You had cubicles? Luxury! Im my day, we put our spare-parts laptop on an old door for a desk and sat on a rickety metal chair on a concrete floor in an unheated warehouse. And we loved it!
You had laptops and spare parts?! At my first job we had to build ourselves a desk out of 1's from the bit bucket to put the card puncher on, and a sort of beanbag chair from the 0's. And the old-timers said we were lucky--the old system did not even have ones, which made less satisfying desks. When we got upgraded card punchers that could do ASCII instead of just typing the raw instructions in hex, that was a happy day, let me tell you.
Oh you had a chair! In my day we had a desk scavenged from sticks and rocks. Our chair was a piece of pipe with a 2x4 on the end. You had to balance carefully lets you impaled yourself.
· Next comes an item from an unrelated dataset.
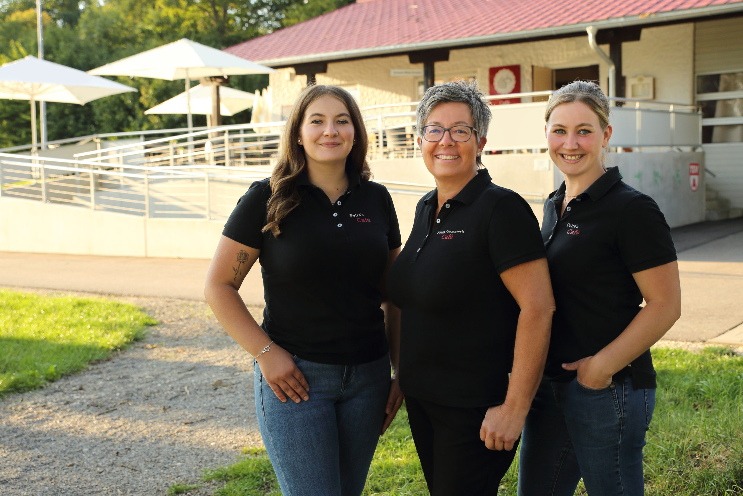 Ihre Gastgeberin Petra Seemaier mit Anke (rechts im Bild) im Service und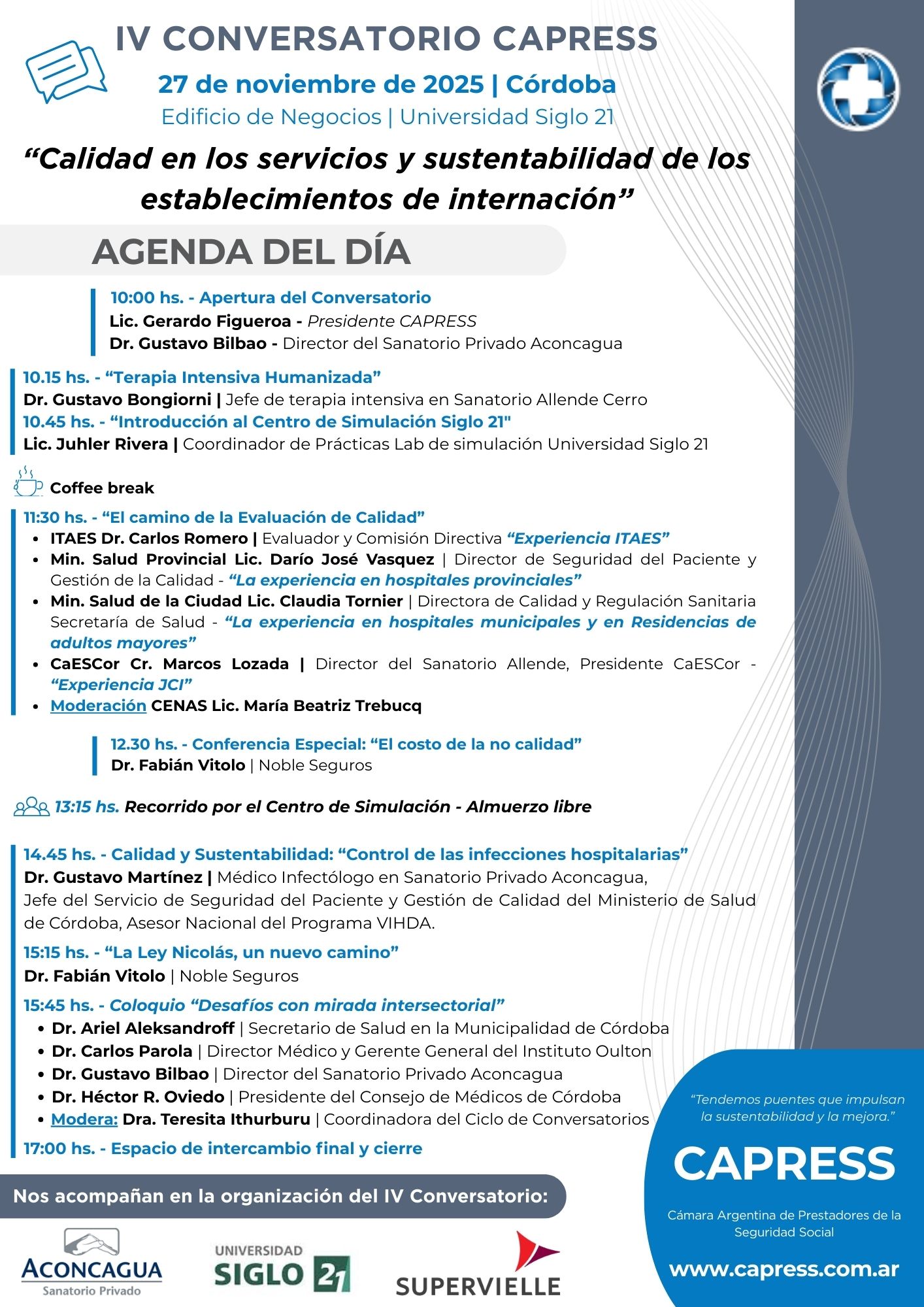 ¡Agenda confirmada! – IV Conversatorio 2025 en Córdoba https://capress.com.ar/agenda-confirmada-iv-conversatorio-2025-en-cordoba/ Sat, 22 Nov 2025 01:17:09 +0000 https://capress.com.ar/?p=1075 Inscripciones aquí El próximo jueves 27 de noviembre, CAPRESS llevará adelante el IV Conversatorio 2025, un espacio de actualización y diálogo estratégico para el sector salud. El último encuentro del año se realizará en el Edificio de Negocios de la Universidad Siglo 21 (Córdoba), bajo el eje central: “Calidad en los servicios y sustentabilidad de […]

Every now and then a topical quip pops out. Someone tacked a strip about cloud on my more or less cubical—that was my thing at the time and quite good. But yeah mostly 90s or so.
And Adams failed to keep with himself with his fawning over who could be described as the pointy-headed-boss in chief.
Seriously, making your whole career deriding stupid, clueless, cruel top managers and then lionizing Trump... I guess there isn't a single mirror in his house.